Compatible—and, in many cases, enhanced—versions were manufactured by Fujitsu, Harris/Intersil, OKI, Siemens, Texas Instruments, NEC, Mitsubishi, and AMD. For example, the NEC V20 and NEC V30 pair were hardware-compatible with the 8088 and 8086 even though NEC made original Intel clones μPD8088D and μPD8086D respectively, but incorporated the instruction set of the 80186 along with some of the 80186 speed enhancements, providing a drop-in capability to upgrade both instruction set and processing speed without manufacturers having to modify their designs.
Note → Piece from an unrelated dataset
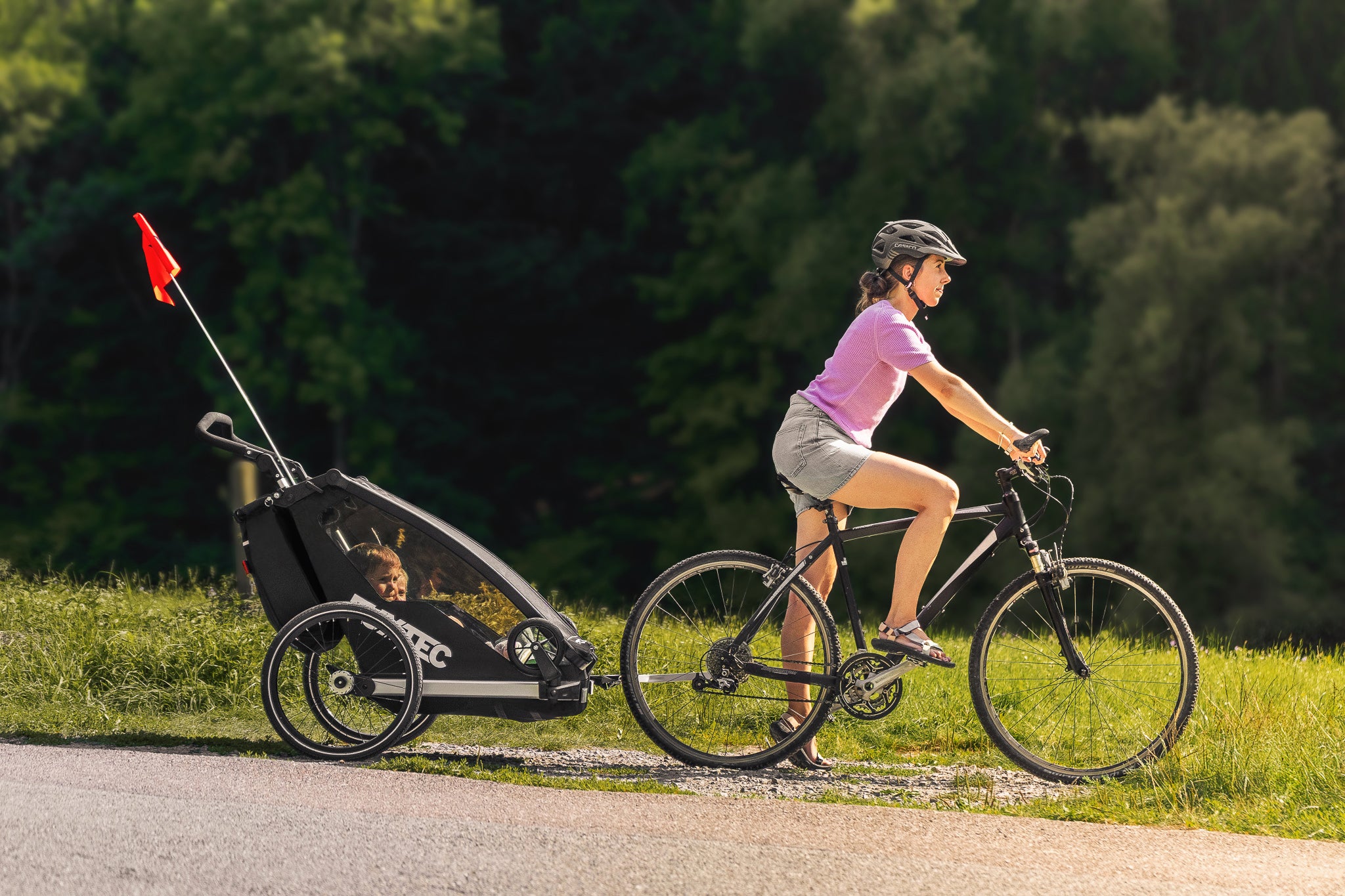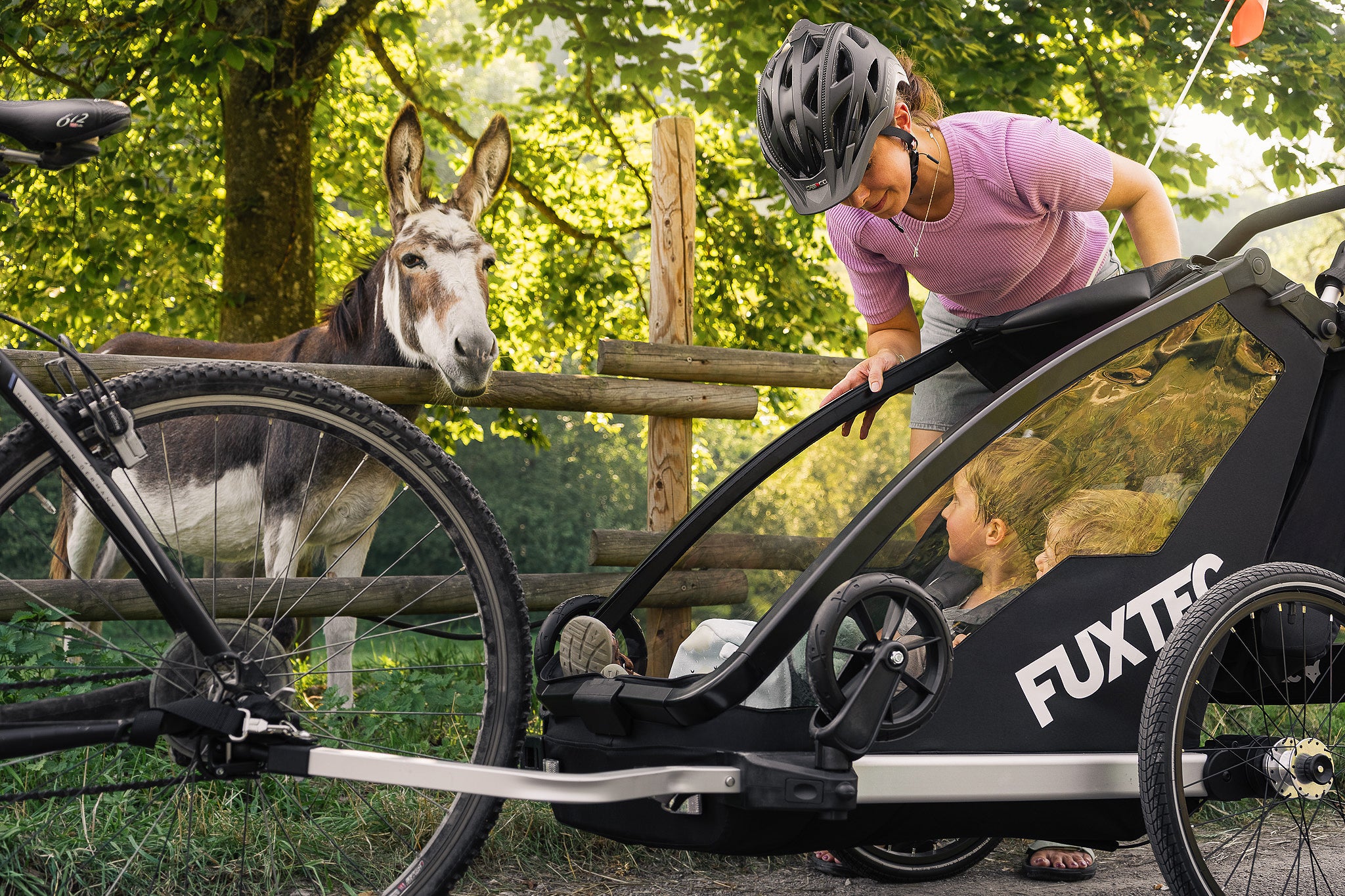 Ein sportlicher Fahrradanhänger/Jogger für bis zu zwei Kids, welcher auch im Handumdrehen zu einem Buggy umgerüstet werden kann.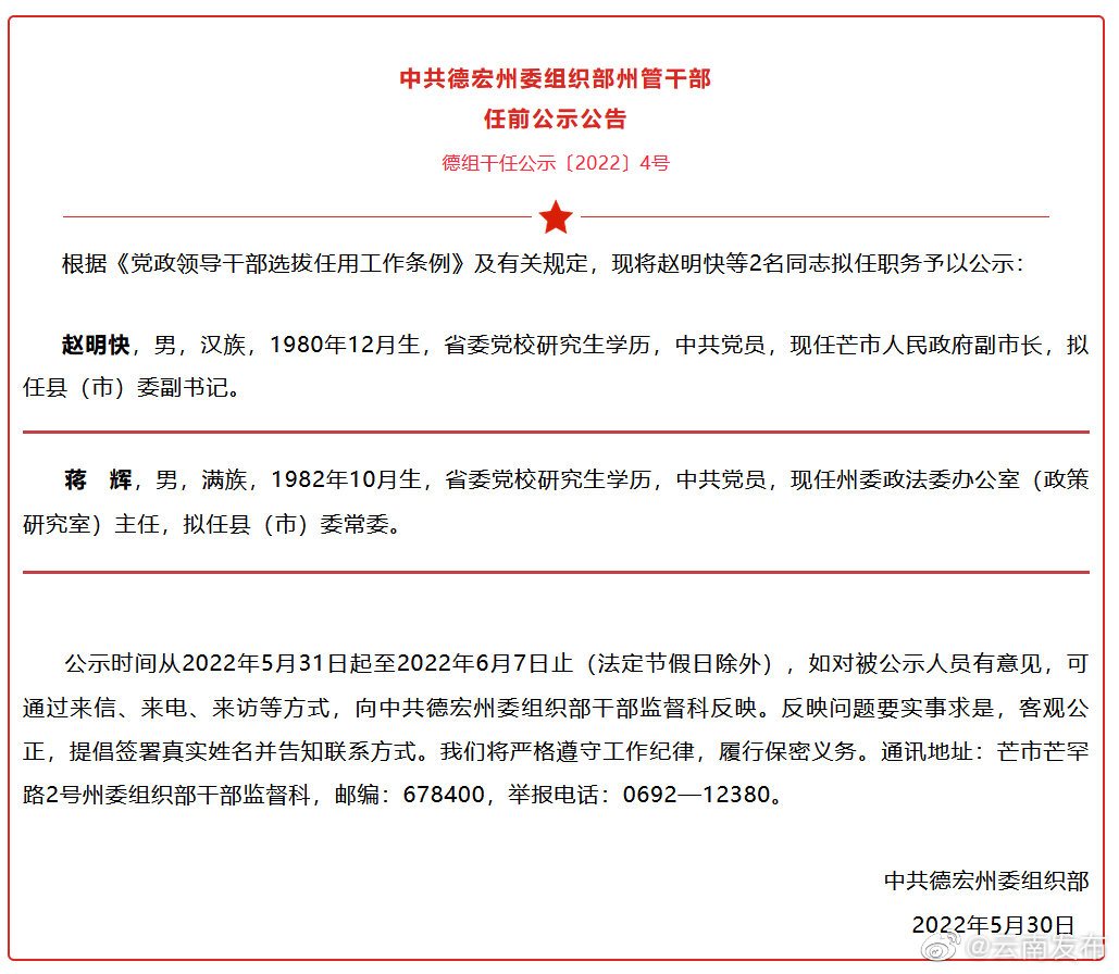 德宏州組織部最新公示發(fā)布,展示了組織的日常工作和成果。公示背后蘊(yùn)含著許多故事,體現(xiàn)了組織的溫馨與努力。通過公示,人們可以更加了解德宏州組織部的工作內(nèi)容和方向,感受到組織部門的用心和付出。德宏州組織部一直致力于為人民群眾提供更好的服務(wù),公示是組織部門與公眾之間溝通的橋梁,有助于增強(qiáng)公眾對組織的信任和支持。

Such relatively simple and low-power 8086-compatible processors in CMOS are still used in embedded systems.
The electronics industry of the Soviet Union was able to replicate the 8086 through. The resulting chip, K1810VM86, was binary and pin-compatible with the 8086.
i8086 and i8088 were respectively the cores of the Soviet-made PC-compatible EC1831 and EC1832 desktops. However, the EC1831 computer had significant hardware differences from the IBM PC prototype. The EC1831 was the first PC-compatible computer with dynamic bus sizing. Later some of the EC1831 principles were adopted in PS/2 and some other machines.

Support chips

Intel 8237: direct memory access controller
Intel 8251: universal synchronous/asynchronous receiver/transmitter at 19.2 kbit/s
Intel 8253: programmable interval timer, 3x 16-bit max 10 MHz
Intel 8255: programmable peripheral interface, 3x 8-bit I/O pins used for printer connection etc.
Intel 8259: programmable interrupt controller
Intel 8279: keyboard/display controller, scans a keyboard matrix and display matrix like 7-seg
Intel 8282/8283: 8-bit latch
Intel 8284: clock generator
Intel 8286/8287: bidirectional 8-bit driver. In 1980 both Intel I8286/I8287 version were available for US$16.25 in quantities of 100.
Intel 8288: bus controller
Intel 8289: bus arbiter
NEC μPD765 or Intel 8272A: floppy controller

Microcomputers using the 8086

The Intel Multibus-compatible single-board computer ISBC 86/12 was announced in 1978.
The Xerox NoteTaker was one of the earliest portable computer designs in 1978 and used three 8086 chips, but never entered commercial production.
Seattle Computer Products shipped S-100 bus based 8086 systems as early as November 1979.
The Norwegian Mycron 2000, introduced in 1980s
The first Compaq Deskpro used an 8086 running at 7.16 MHz, but was compatible with add-in cards designed for the 4.77 MHz IBM PC XT and could switch the CPU down to the lower speed to avoid software timing issues.
An 8 MHz 8086-2 was used in the AT&T 6300 PC, an IBM PC-compatible desktop microcomputer. The M24 / PC 6300 has IBM PC/XT compatible 8-bit expansion slots, but some of them have a proprietary extension providing the full 16-bit data bus of the 8086 CPU, and all system peripherals including the onboard video system also enjoy 16-bit data transfers. The later Olivetti M24SP featured an 8086-2 running at the full maximum 10 MHz.
The IBM PS/2 models 25 and 30 were built with an 8 MHz 8086.
The Amstrad PC1512, PC1640, PC2086, PC3086 and PC5086 all used 8086 CPUs at 8 MHz.
The NEC PC-9801.
The Tandy 1000 SL-series and RL machines used 9.47 MHz 8086 CPUs.
The IBM Displaywriter word processing machine and the Wang Professional Computer, manufactured by Wang Laboratories, also used the 8086.
NASA used original 8086 CPUs on equipment for ground-based maintenance of the Space Shuttle Discovery until the end of the space shuttle program in 2011. This decision was made to prevent software regression that might result from upgrading or from switching to imperfect clones.
KAMAN Process and Area Radiation Monitors
The Tektronix 4170 ran CP/M-86 and used an 8086

One of the most influential microcomputers of all, the IBM PC, used the Intel 8088, a version of the 8086 with an 8-bit data bus.